Reputation: 175
I have a data set:
crimes<-data.frame(x=c("Smith", "Jones"), charges=c("murder, first degree-G, manslaughter-NG", "assault-NG, larceny, second degree-G"))
I'm using tidyr:separate to split the charges column on a match with "G,"
crimes<-separate(crimes, charges, into=c("v1","v2"), sep="G,")
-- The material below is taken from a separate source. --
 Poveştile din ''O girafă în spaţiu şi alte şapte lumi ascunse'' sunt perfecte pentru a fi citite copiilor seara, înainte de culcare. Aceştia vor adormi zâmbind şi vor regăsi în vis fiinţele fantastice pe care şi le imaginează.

This splits my columns, but removes the separator "G,". I want to retain the "G," in the resulting column split.
My desired output is:
x v1 v2
Smith murder, first degree-G manslaughter-NG
Jones assault-NG larceny, second degree-G
Any suggestions welcome.
Upvotes: 12
Views: 11769
Reputation: 2965
Replace <yourRegexPattern>
with your Regex
If you want the 'sep' in the left column (look behind)
dataframe %>% separate(column_to_sep, into = c("newCol1", "newCol2"), sep="(?<=<yourRegexPattern>)")
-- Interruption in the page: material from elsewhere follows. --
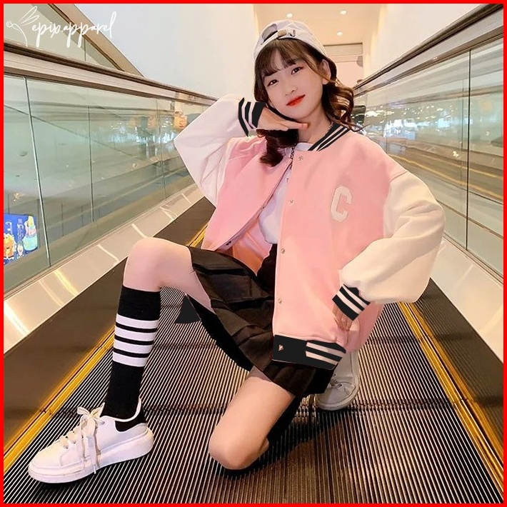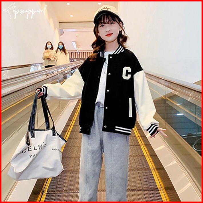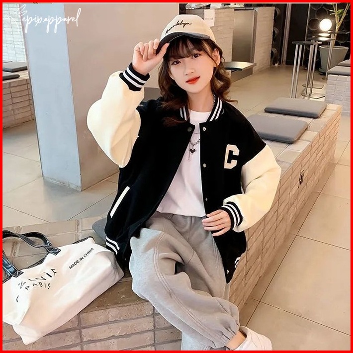Jaket Anak Baseball Bomber Perempuan Laki Laki Hitam Beige Pink Umur 2 4 6 8 10 12 14 16 Tahun Model Huruf C Premium Bah
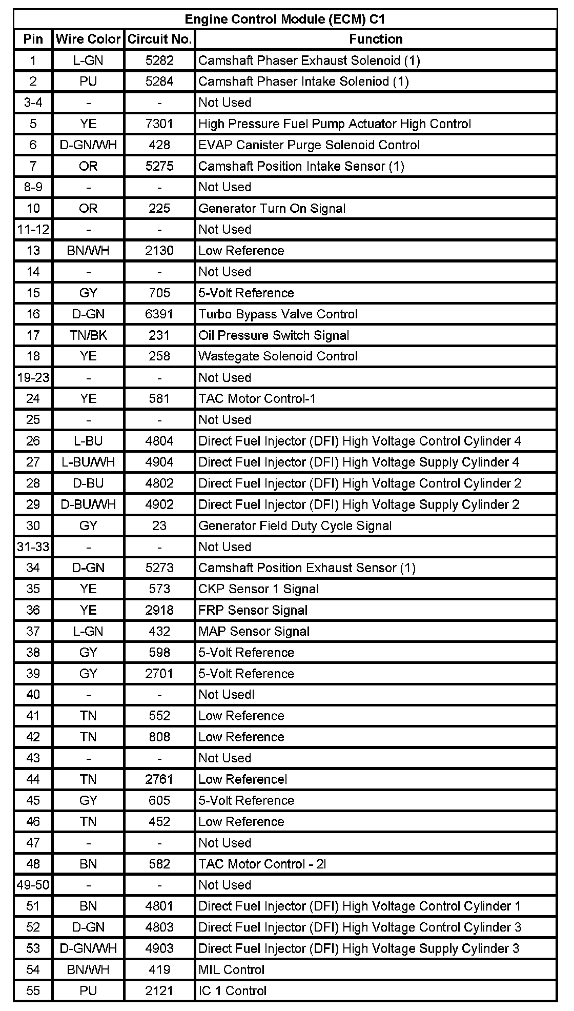 Engine Control Module (ECM) C1 (Pin 1 To 55):

If you want the 'sep' in the right column (look ahead)
dataframe %>% separate(column_to_sep, into = c("newCol1", "newCol2"), sep="(?=<yourRegexPattern>)")
Also note that when you are trying to separate a word from a group of digits (I.E. Auguest1990
to August
and 1990
) you will need to ensure the whole pattern gets read.
Example:
dataframe %>% separate(column_to_sep, into = c("newCol1", "newCol2"), sep="(?=[[:digit:]])", extra="merge")
Upvotes: 12
Reputation: 4220
UPDATE
This is what you ask for. Keep in mind that your data is not tidy (both V1 and V2 have more than one variable inside each column)
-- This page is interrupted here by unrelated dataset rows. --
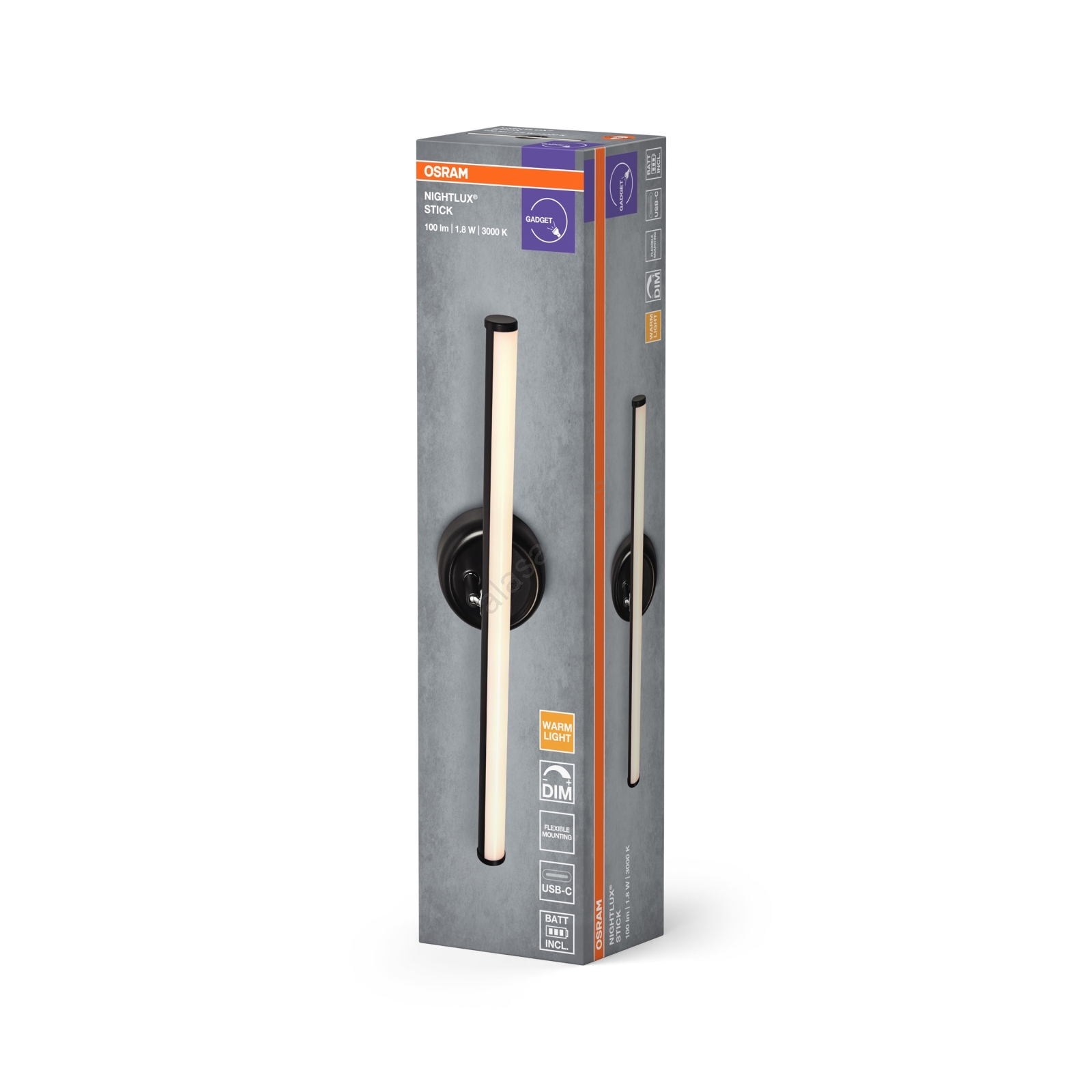 Osram - Aplique de pared táctil recargable y regulable NIGHTLUX LED/1,8W/5V negro
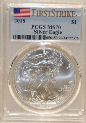 FirstStrike®. One of the most favored designs in U.S. coinage, the Silver Eagle combines attractiveness with silver bullion appeal. MS-70 graded coins show no signs of wear or blemishes, even while magnified.
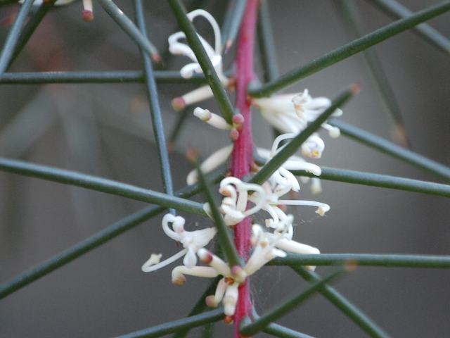 ハケア・セリケア 冬の花 2012年01月15日 ハケア・セリケアはヤマモガシ科ハケア属の常緑低木である。原産地はオーストラリアの東部である。樹高は1~3メートルくらいである。よく枝分かれをする。葉は長さが6ランチくらいあり、棘のようで先が鋭く尖る。そのため原産地では垣根として利用されている。開花時期は冬から春である。 花の色は白ないし桃色である。花には香りがある。花の後にできる実は堅果(皮が堅く、種と接触せずに種を包んでいる果実)である。この実は山火事になると弾けて種を保存するという。属名の Hakea はドイツ人の植物学者「ハケ(C. L. Hake)さん」の名からきている。種小名の sericea は「絹糸状の」という意味である。下の写真は11月に神奈川県立フラワーセンター大船植物園で撮った園芸品種のピンクフォーム(Pink Form)である。学名:Hakea sericea★怖ろしい棘の隙間に花咲かす ハケア・セリケア不思議の世界花図鑑植物図鑑|味の麺匠戸田久|おこめの鬼平|フロム蔵王|花の本屋さん|楽天トラベル|
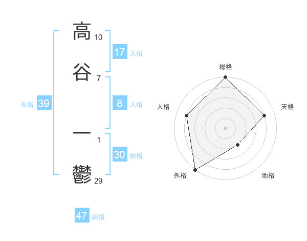 高谷 一鬱さんを姓名の画数から五運を鑑定
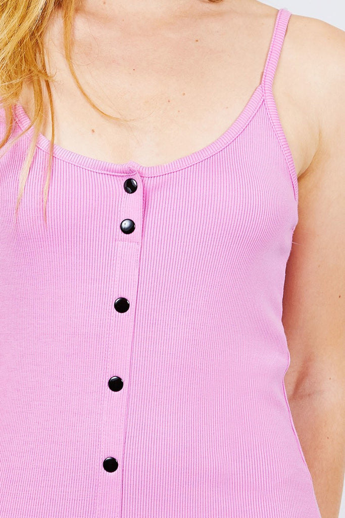 Front Snap Button Detail Strap Rib Cami Mini Dress
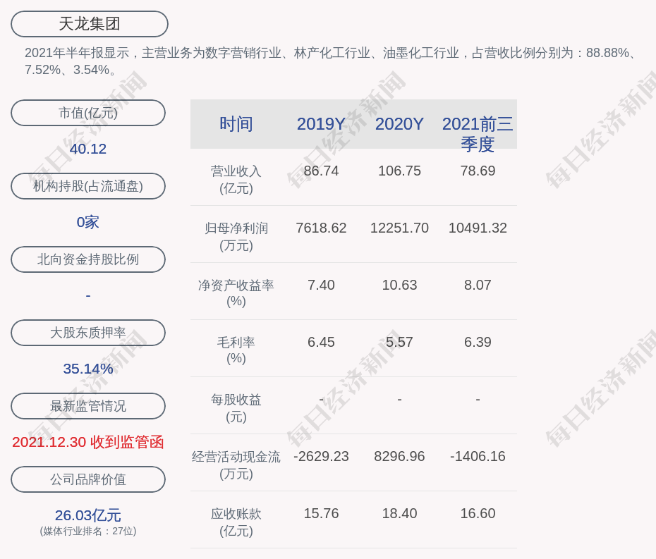 2021年半年报显示,天龙集团的主营业务为数字营销行业、林产化工行业、油墨化工行业,占营收比例分别为:88.88%、7.52%、3.54%。
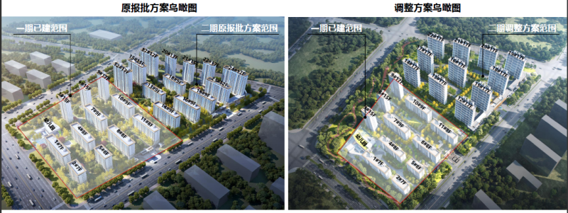 原审批方案12-24#楼合计13栋住宅,全部位于本项目北区(本次调规范围以下称为“北区”)。本次调整北区住宅楼数量由13栋调整为11栋,即12-22#楼,项目总建筑面积由199513.86调整为184515.65平方米,建筑密度由22.10%调整为20.74%,绿地率由35.00%调整为35.01,总机动车车位数由1836个调整为1537个。(具体变化情况见附件)。

A<-separate(crimes,charges,into=c("V1","V2"),sep = "(?<=G,)")
A
x V1 V2
1 Smith murder, first degree-G, manslaughter-NG
2 Jones assault-NG, larceny, second degree-G
An easier way to get keep the "G" or "NG" is to use sep=", "
as said by alistaire.
A<-separate(crimes, charges, into=c("v1","v2"), sep = ', ')
This gives
x v1 v2
1 Smith murder-G manslaughter-NG
2 Jones assault-NG larceny-G
If you wanted to keep separating your data.frame (using the -)
separate(A, v1, into = c("v3","v4"), sep = "-")
that gives
x v3 v4 v2
1 Smith murder G manslaughter-NG
2 Jones assault NG larceny-G
You'll need to do that again for the v2 column. I don't know if you want to keep separating, please post your expected output to make my answer more specific.
Upvotes: 7